Work required: The response should repeat word for word every line below from the one with "Founded in 1994" to the one with "Güne 147.55 seviyesinde", inclusive, and nothing else; leave pictures out.

Records for the exercise:
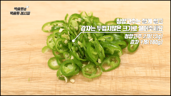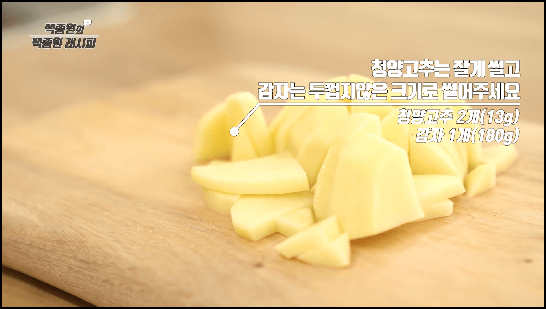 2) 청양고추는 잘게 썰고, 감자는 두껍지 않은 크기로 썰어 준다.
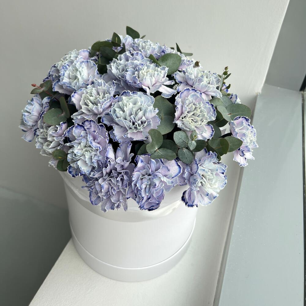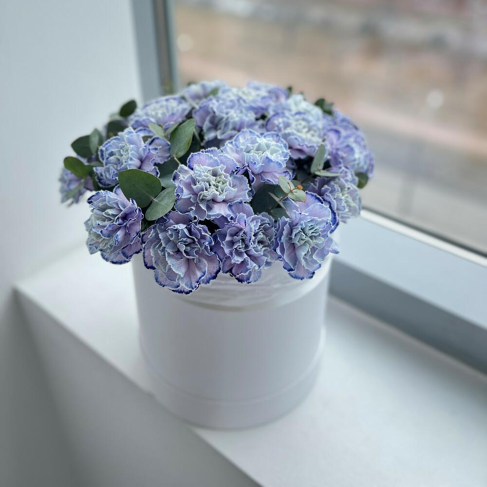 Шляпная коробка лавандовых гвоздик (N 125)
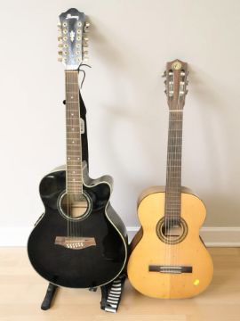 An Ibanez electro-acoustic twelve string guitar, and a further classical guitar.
---
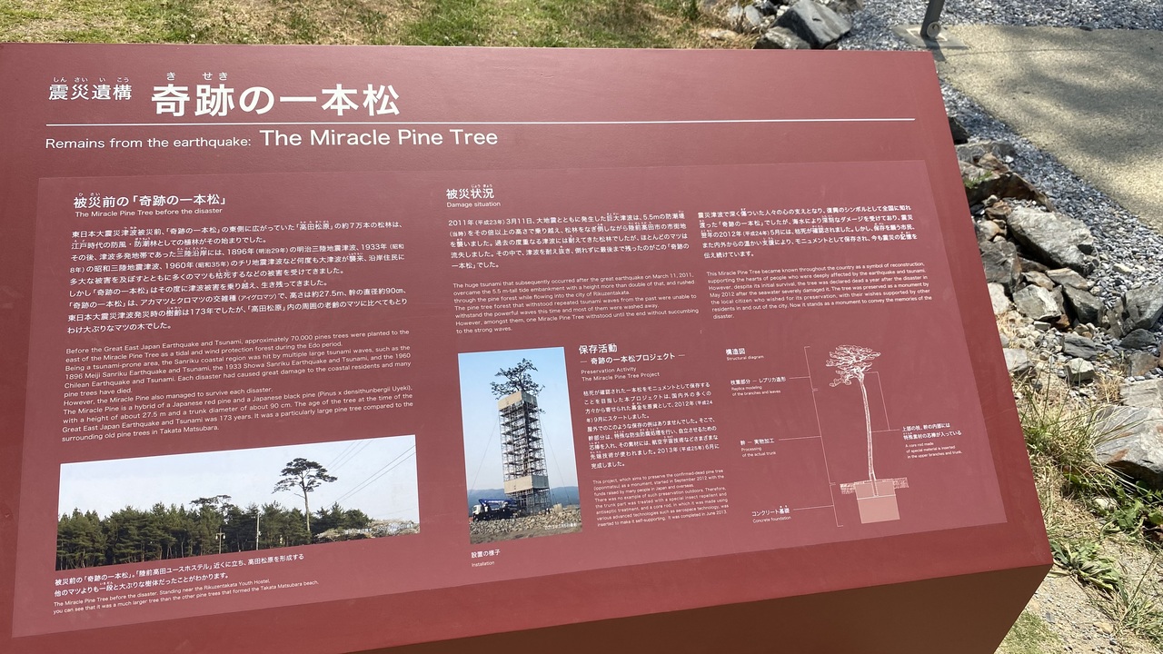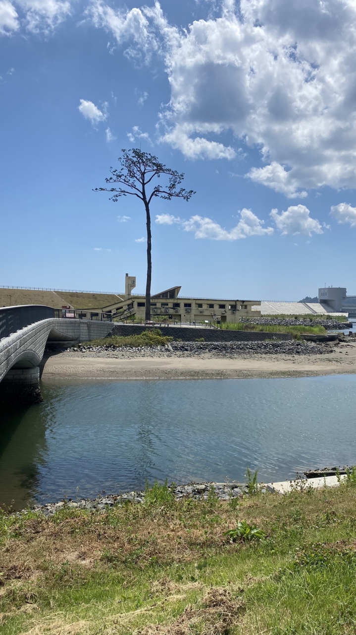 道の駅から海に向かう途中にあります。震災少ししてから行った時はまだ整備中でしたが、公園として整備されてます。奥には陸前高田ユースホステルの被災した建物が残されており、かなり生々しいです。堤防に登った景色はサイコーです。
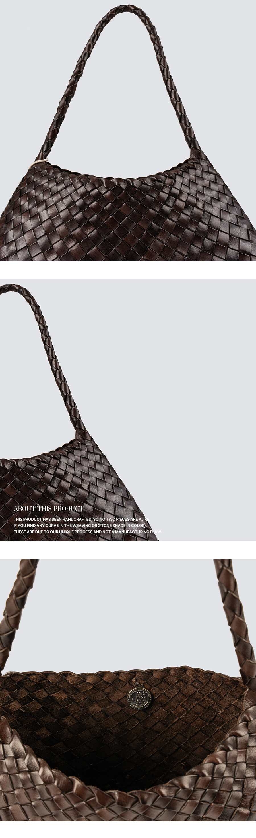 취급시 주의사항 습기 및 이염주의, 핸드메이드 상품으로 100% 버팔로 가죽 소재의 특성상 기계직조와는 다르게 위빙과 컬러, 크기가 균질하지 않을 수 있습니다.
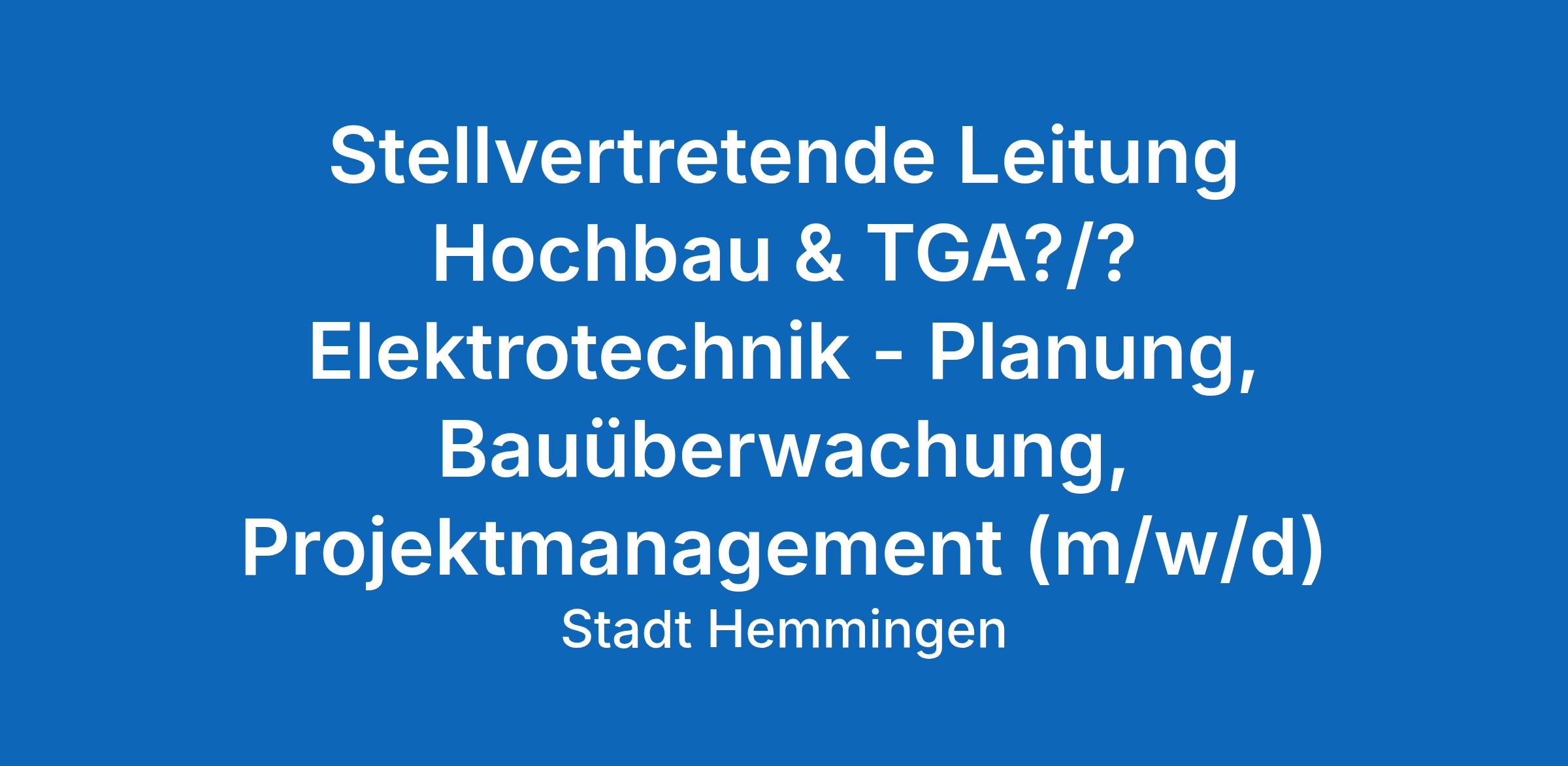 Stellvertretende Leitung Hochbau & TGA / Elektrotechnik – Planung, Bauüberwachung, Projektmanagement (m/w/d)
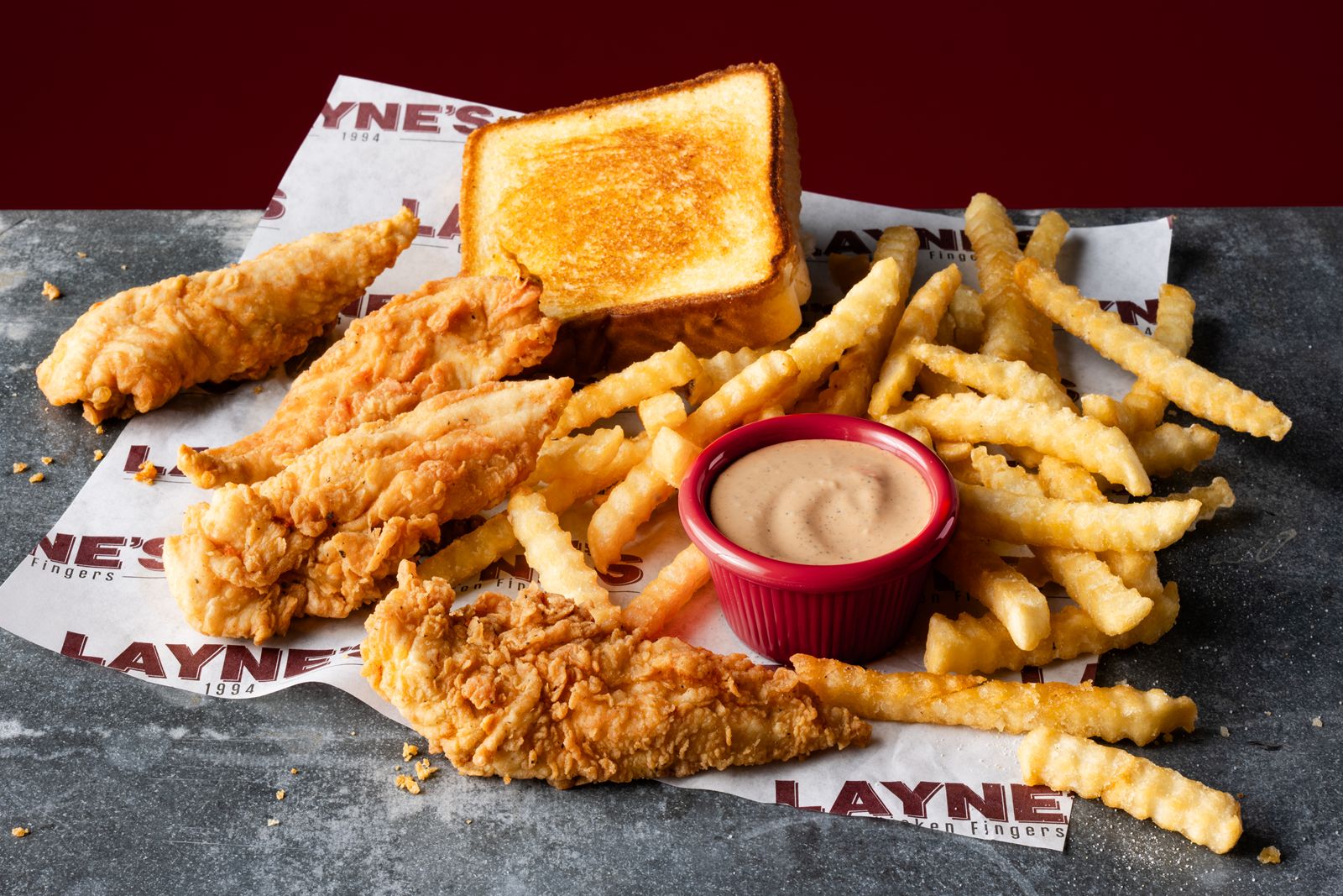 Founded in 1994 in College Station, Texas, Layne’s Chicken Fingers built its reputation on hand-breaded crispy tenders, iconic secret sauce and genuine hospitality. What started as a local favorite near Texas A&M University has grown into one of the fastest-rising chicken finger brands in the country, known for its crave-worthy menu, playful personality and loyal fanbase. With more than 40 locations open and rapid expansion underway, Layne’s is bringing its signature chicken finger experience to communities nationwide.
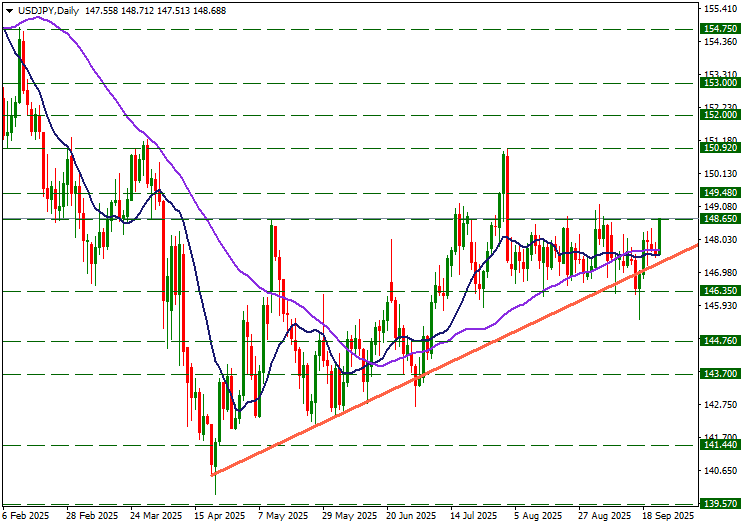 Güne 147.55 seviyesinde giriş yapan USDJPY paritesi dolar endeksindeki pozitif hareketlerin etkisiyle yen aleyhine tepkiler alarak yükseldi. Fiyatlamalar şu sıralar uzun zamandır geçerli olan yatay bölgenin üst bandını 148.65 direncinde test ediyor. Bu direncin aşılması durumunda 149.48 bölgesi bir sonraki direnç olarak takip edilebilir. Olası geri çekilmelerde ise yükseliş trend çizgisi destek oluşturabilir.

Answer to the exercise:
 Founded in 1994 in College Station, Texas, Layne’s Chicken Fingers built its reputation on hand-breaded crispy tenders, iconic secret sauce and genuine hospitality. What started as a local favorite near Texas A&M University has grown into one of the fastest-rising chicken finger brands in the country, known for its crave-worthy menu, playful personality and loyal fanbase. With more than 40 locations open and rapid expansion underway, Layne’s is bringing its signature chicken finger experience to communities nationwide.
 Güne 147.55 seviyesinde giriş yapan USDJPY paritesi dolar endeksindeki pozitif hareketlerin etkisiyle yen aleyhine tepkiler alarak yükseldi. Fiyatlamalar şu sıralar uzun zamandır geçerli olan yatay bölgenin üst bandını 148.65 direncinde test ediyor. Bu direncin aşılması durumunda 149.48 bölgesi bir sonraki direnç olarak takip edilebilir. Olası geri çekilmelerde ise yükseliş trend çizgisi destek oluşturabilir.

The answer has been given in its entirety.